Skipping any pictures, repeat exactly and only the lines from the one that holds "Introduce your little" to the last line of the material, both included.

[Source data]

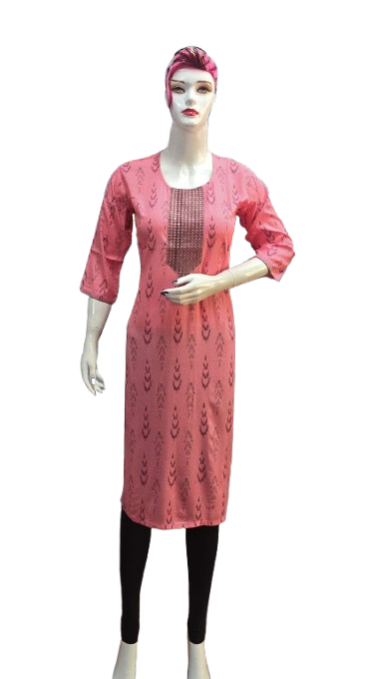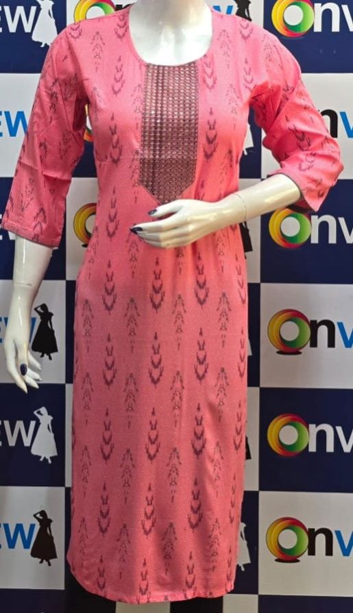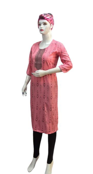 The kurti is adorned with subtle, intricate embroidery that adds a touch of grace and refinement. The small embroidery patterns are thoughtfully placed, creating a harmonious balance that enhances the overall design without overwhelming its simplicity. This design approach makes it versatile, suitable for festive gatherings, casual outings, or even formal office wear.
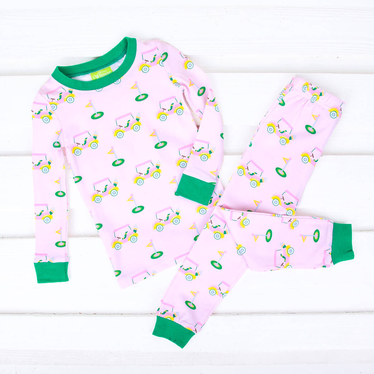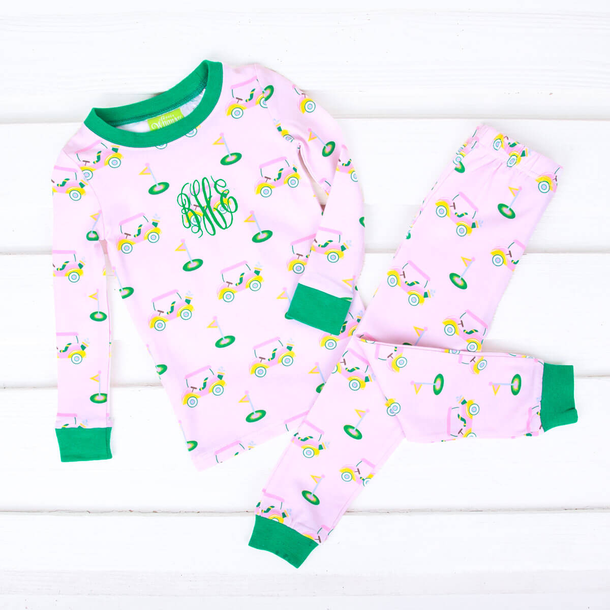 Introduce your little one to the world of golf with our Golf Cart Pink Pajamas. The pajamas feature a delightful golf scene print with a golf cart. Designed for nighttime comfort, the set includes a cozy long-sleeve pajama top and matching pull-on pajama pants. Make these pajamas extra special by adding a monogram to personalize your little one's sleepwear!
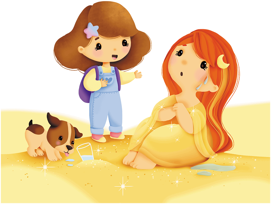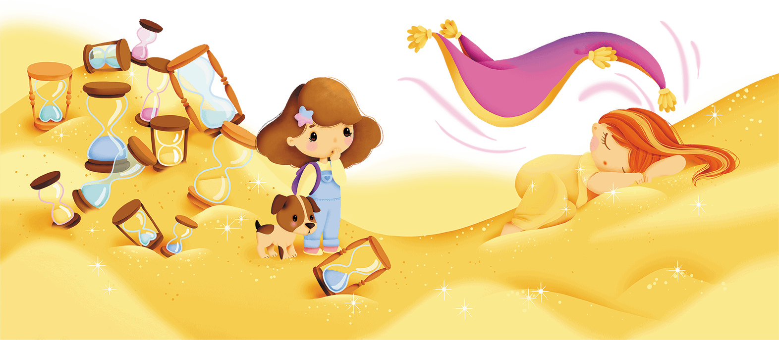 Девочка открывает свою книгу и ищет сказку о владыке песка.
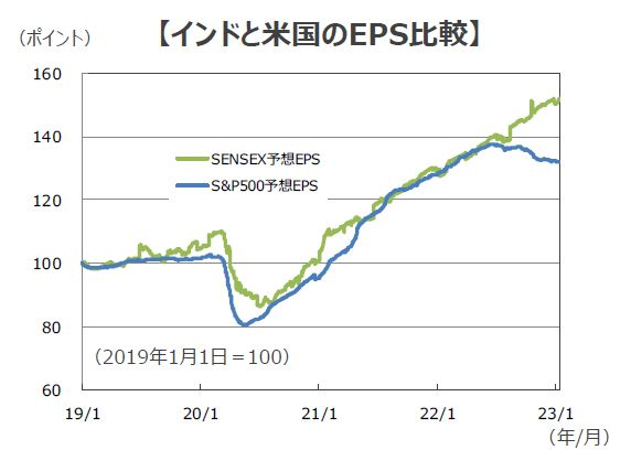 ■23年のインドの『企業業績』見通しは堅調です。より銘柄数の多い株価指数「MSCI INDIA」の予想EPSでみても、前年比+19%と高い伸びが見込まれています(ファクトセット、1月16日)。これは米S&P500種指数の予想EPSの同+4%を大きく上回っています。
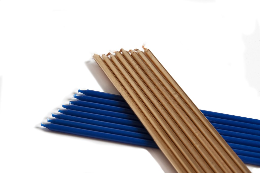 Velas Altas Azuis e Douradas 18cm – Pack 16

[/Source data]

> **Exercise response**
 Introduce your little one to the world of golf with our Golf Cart Pink Pajamas. The pajamas feature a delightful golf scene print with a golf cart. Designed for nighttime comfort, the set includes a cozy long-sleeve pajama top and matching pull-on pajama pants. Make these pajamas extra special by adding a monogram to personalize your little one's sleepwear!
 Девочка открывает свою книгу и ищет сказку о владыке песка.
 ■23年のインドの『企業業績』見通しは堅調です。より銘柄数の多い株価指数「MSCI INDIA」の予想EPSでみても、前年比+19%と高い伸びが見込まれています(ファクトセット、1月16日)。これは米S&P500種指数の予想EPSの同+4%を大きく上回っています。
 Velas Altas Azuis e Douradas 18cm – Pack 16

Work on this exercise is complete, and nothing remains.